In my new book on Big Bang and the City revolution – Crash Bang Wallop: the inside story of London’s Big Bang and a financial revolution that changed the world – I explain how Farage had a lucky escape in the mid-1980s. The programme stained the reputations of those involved, and one made a short film later about the horrors of being a media target and regretting the appalling publicity. Farage was too busy that week and at the last moment turned down the chance to take part. If he had been on the Fishing Party it would not have helped him start a political career. Tainted as a total nitwit, would he ever have appeared again? Would he have become leader of his party? Would there have been an EU referendum? Would the UK be leaving the EU without the role played in the last few years by Nigel Farage?
Farage handed over the leadership of UKIP today to his newly elected successor Diane James, at the annual conference of Britain’s Eurosceptic party, with his supporters holding up signs declaring him a “statesman”. They are are quite clear that he was the victor in the referendum. Without him there would be no Brexit, they say, which helps explain why he is so disliked by Remain voters.
But for many other Brexit voters too (a majority of them the polls make clear) Farage is a deeply problematic individual. They do not want to be associated with him or his rhetoric. The appeal of UKIP is by definition narrow, despite Farage’s phenomenal publicity drive in the last decade. Among angry blazer-wearing persons he is the king of the saloon bar. Alienated working-class former Labour voters have also become attracted to his alleged plain-speaking on immigration. Beyond that he is actively disliked by many Britons, even those who want to leave the EU. It should not be forgotten that his appeal was very much to a minority of somewhere between 10 to 15% of Britons.
Even so, there is no avoiding it. It doesn’t matter whether you are for or against Farage (I have criticised him pretty incessantly for his rabble-rousing). On any remotely objective reading, Farage is one of the most influential politicians in British and European affairs in the opening decades of the 21st century, and he succeeded outside parliament in opposition to the established order, cleverly exploiting unrest with Westminster and Brussels, twin centres of Establishment power.

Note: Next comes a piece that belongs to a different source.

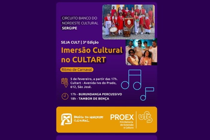 O Centro de Cultura e Arte da Universidade Federal de Sergipe (Cultart/UFS) realiza, na próxima quinta-feira (5), a partir das 16h30, a terceira edição do projeto Seja Cult, iniciativa que celebra a cultura popular, a música e o encontro entre diferentes expressões artísticas, reafirmando o espaço como referência na valorização da produção cultural sergipana.

It is easy to forget that less than a decade ago the idea of a referendum on Britain leaving the EU seemed a remote and wacky notion. Farage was elected UKIP leader for the first time in 2006, at the low ebb of Euroscepticism, taking over from Roger Knapman. The following year the attempts to get a vote on the Lisbon treaty collapsed through lack of voter interest. Euroscepticism seemed to be a dying force, with David Cameron dedicated to getting the Tories to stop banging on about the EU in return for power. Plenty of moderate Eurosceptics thought of a referendum as a nice idea that would never happen. Going on about it got you strange looks.
Then the eurozone crisis from 2010 had an enormous and at the time under-appreciated impact in Britain. Not only did it reinforce the message of the financial crisis two years previously, that the global elite had produced a disaster, in the process opening the door to populists. The eurozone’s travails were so severe that it made the entire EU, the wider Brussels club, look like a giant, failing enterprise. Farage hammered this message ruthlessly and with a relentless zeal that started to panic some Tory MPs who already thought their leader unreliable, because of the way in which he had not held a referendum on the Lisbon Treaty on the reasonable grounds that it had passed into law by the time he became Prime Minister and there was quite enough going on in terms of trying to get the struggling UK economy off its knees.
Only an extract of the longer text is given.